The data below should be printed in full, exactly, and without any of its images.

[Opening Data segment section]

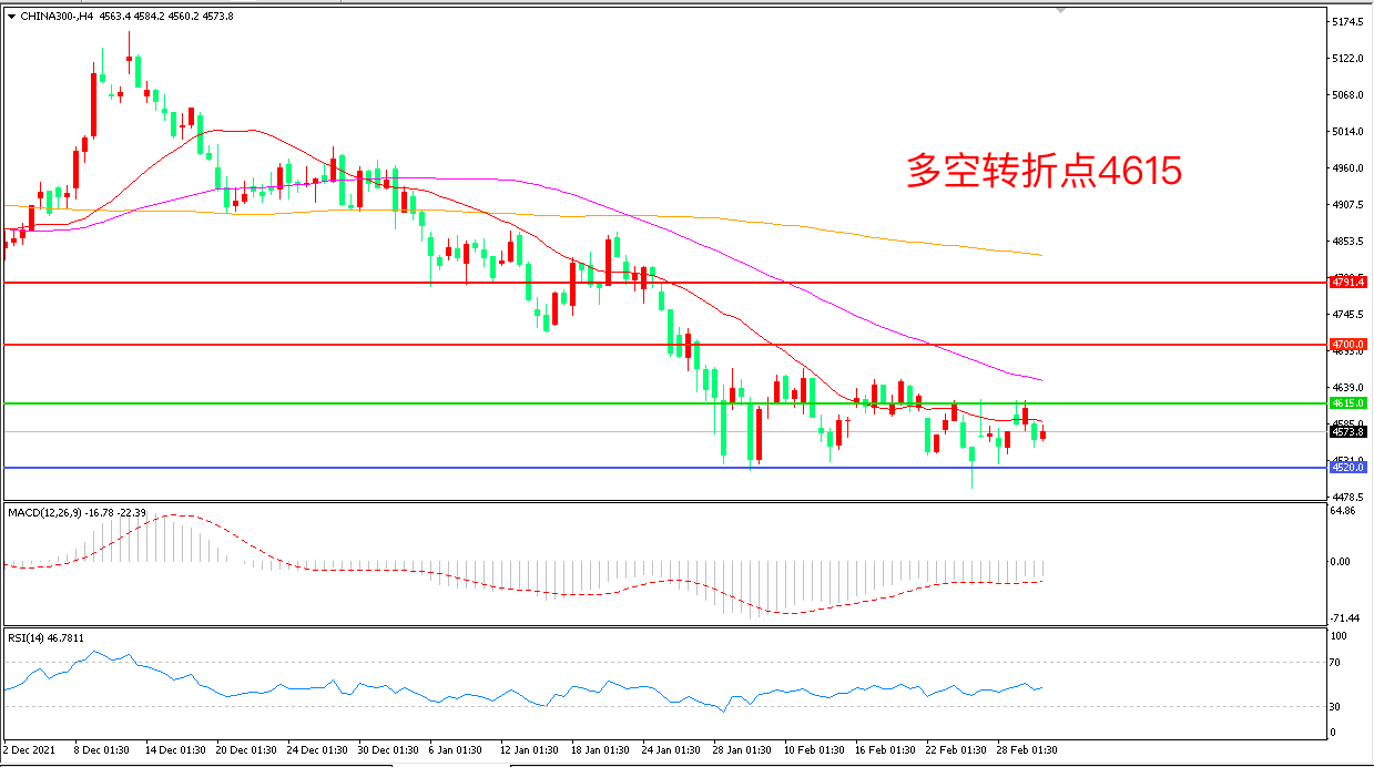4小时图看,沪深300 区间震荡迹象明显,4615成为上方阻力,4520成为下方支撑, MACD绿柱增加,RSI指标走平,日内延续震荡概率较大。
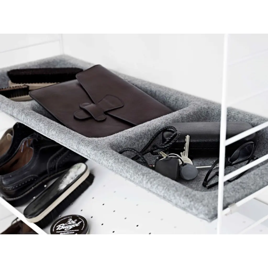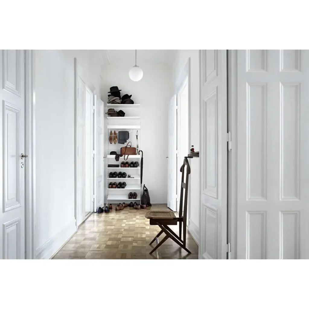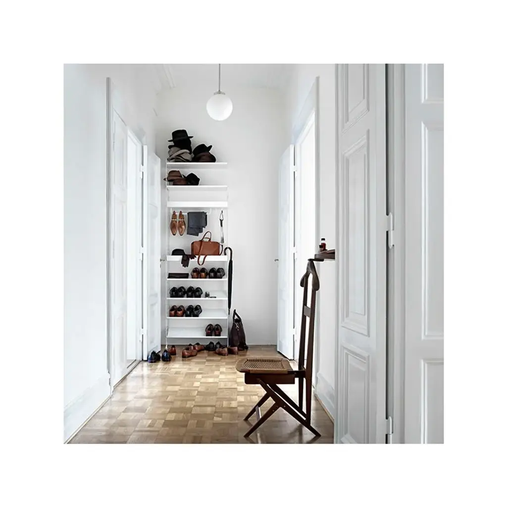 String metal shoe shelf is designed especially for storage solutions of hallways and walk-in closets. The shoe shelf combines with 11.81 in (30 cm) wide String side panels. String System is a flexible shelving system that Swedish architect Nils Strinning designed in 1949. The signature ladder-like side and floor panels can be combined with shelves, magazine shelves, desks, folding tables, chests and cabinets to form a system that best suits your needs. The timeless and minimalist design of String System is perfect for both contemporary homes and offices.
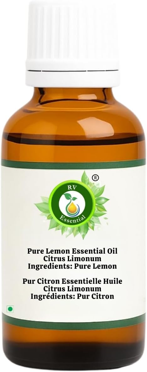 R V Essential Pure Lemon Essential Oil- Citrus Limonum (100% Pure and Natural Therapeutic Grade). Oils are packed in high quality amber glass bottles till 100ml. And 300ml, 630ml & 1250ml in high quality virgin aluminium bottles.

[Closing Data segment section]

Reply to the task:
4小时图看,沪深300 区间震荡迹象明显,4615成为上方阻力,4520成为下方支撑, MACD绿柱增加,RSI指标走平,日内延续震荡概率较大。
 String metal shoe shelf is designed especially for storage solutions of hallways and walk-in closets. The shoe shelf combines with 11.81 in (30 cm) wide String side panels. String System is a flexible shelving system that Swedish architect Nils Strinning designed in 1949. The signature ladder-like side and floor panels can be combined with shelves, magazine shelves, desks, folding tables, chests and cabinets to form a system that best suits your needs. The timeless and minimalist design of String System is perfect for both contemporary homes and offices.
 R V Essential Pure Lemon Essential Oil- Citrus Limonum (100% Pure and Natural Therapeutic Grade). Oils are packed in high quality amber glass bottles till 100ml. And 300ml, 630ml & 1250ml in high quality virgin aluminium bottles.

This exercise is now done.